The Richmond Examiner published the following: While a furious invading enemy is laying waste our fair fields, demanding unconditional submission to its government, offering no terms of peace, not even hinting at negotiation for peace upon any other basis, but avowing the unanimous purpose to deprive us of all right, of all law and of all property; and while our devoted armies are in the field, with their arms in their hands and their banners flying, to defy and resist and beat back that foul invasion, we do not comprehend how any man in the Confederacy can ? we do not say get "honorable peace" --but even talk of honorable peace, save by vanquishing those invading enemies. If the political system of those invading enemies break up, by reason of reverses in war, or financial troubles; if certain States of their "Union" remember that they have state rights, and act upon them by seceding from the Union, and offering us a peace, so far as they are concerned, it will be well; that will aid us materially in the one single task we have to achieve ? the task of defeating and destroying the military power of our enemies. But reasonable confederates would be at a loss to know how we can contribute to that happy state of things, except by continued and successful resistance in arms. Our sole policy and cunningest diplomacy is fighting; our most insinuating negotiator is the confederate army in line of battle.

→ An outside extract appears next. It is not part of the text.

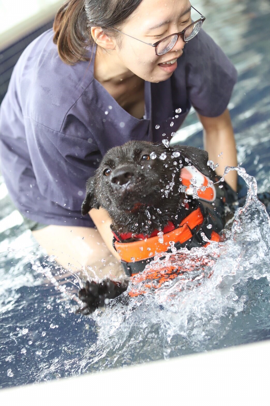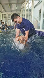 訓犬員利用水的浮力與玩具設計活動,協助狗狗強化肌肉與提升肌耐力,同時也能減少對關節的負擔,維持毛小孩的標準身材,不少狗狗從一開始適應水性,到後來在訓犬員的協助下,自在地在水中活動,看到他們開心的表達,可說是成功達成任務。
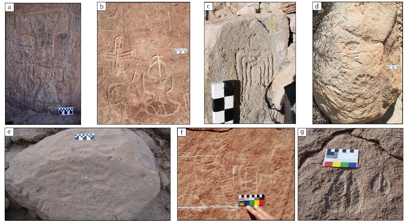 Al igual que con las maquetas, también con estos otros motivos se evidencia una distribución diferencial, tanto en términos de su despliegue en paneles (85:174) o en bloques (89:174), como según la manera en la que se distribuyen en los distintos sitios y sectores (Tabla 1). En primer lugar, en cantidad de motivos (83:174) se ubica la base del pukara de Tacuil, con manifestaciones grabadas en bloques dispersos y en paneles sobre la ladera del afloramiento. También se evidencia una concentración de motivos (77:174) en los campos agrícolas de Gualfín, dada la existencia de dos paneles de gran tamaño con una profusión de manifestaciones (ver página 14). Estos paneles son los únicos soportes de los sitios estudiados en los que se han identificado motivos pintados, contabilizando 2 en total. Los restantes 14 motivos que no configuran diseños de maquetas se localizan: 2 en bloques en la cima del pukara de Gualfín, 11 en bloques en la base de Peña Alta de Mayuco y 1 en la cumbre del pukara de Tacuil. Sobre este total de 174 motivos fue posible realizar una segmentación preliminar en diseños no figurativos (114) y figurativos (60). Entre los primeros, que en su mayoría se despliegan sobre los paneles de los campos agrícolas de Gualfín, se encuentran distintas variedades de figuras y composiciones geométricas: círculos, óvalos, rectángulos, grillados y líneas rectas y sinuosas. En cuanto a los figurativos, se observa un repertorio en el que a nivel general destacan motivos y temas como los escutiformes, los agrupamientos de figuras humanas con distintos objetos y vestimentas, las hachas, tumis, unkus y tocados, y las huellas y alineaciones de camélidos con o sin asociación con figuras humanas (Figura 3).

Now we perceive, that just as Congress is about to meet, certain newspapers of the Confederacy are preparing the way for discussions in that body about some other method of obtaining peace. The other method suggested, in so far as we can comprehend it, consists in the several States of the Confederacy taking the matter out of the hands of the confederate government, ignoring the government and the army, and all that army has done and suffered for the independence of the Confederacy, and then making peace, each State for itself, as best it can. There would be an honorable peace!

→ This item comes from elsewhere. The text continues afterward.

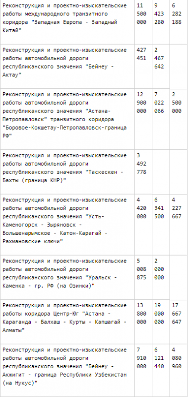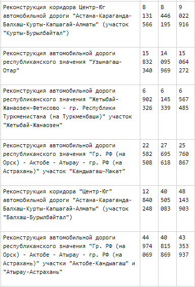 Как стало известно из официальных документов, в 2018 году внешние займы на реконструкцию различных участков дорог составят 111,263 миллиарда тенге, в 2019 году - 137,704 миллиарда тенге, в 2020 году - 147,913 миллиарда тенге. Всего - 396,880 миллиарда тенге.

We are sorry to have to mention that such an idea has shown itself. It was believed that it was confined to about two newspapers, both of Raleigh, North-Carolina. But something very similar is to be found in two other newspapers of Atlanta. As it is extremely essential that the time of this Congress should not be diverted for one instant from the business of carrying on the war by any vain palaver about peace, peace, when there is no peace, we reluctantly advert to the disagreeable circumstance in order that the small distracting element may be disposed of and made innocuous the more speedily.

Governor Vance, in a message to the Legislature of North Carolina, said: We know, at last, precisely what we would get by submission, and therein has our enemy done us good service ? abolition of slavery, confiscation of property, and territorial vassalage. These are the terms to win us back. Now, when our brothers bleed and mothers and little ones cry for bread, we can point them back to the brick-kilns of Egypt ? thanks to Mr. Seward--plainly in view, and show them the beautiful clusters of Eschol which grow in the land of independence, whither we go to possess them. And we can remind them, too, how the pillar of fire and the cloud, the vouchsafed guidon of Jehovah, went ever before the hungering multitude, leading away, with apparent cruelty, from the fulness of servitude. With such a prospect before them, people will, as heretofore, come firmly up to the full measure of their duty if their trusted servants do not fail them. They will not crucify afresh their own sons, slain in their behalf, or put their gallant shades to open shame, by stopping short of full and complete national independence.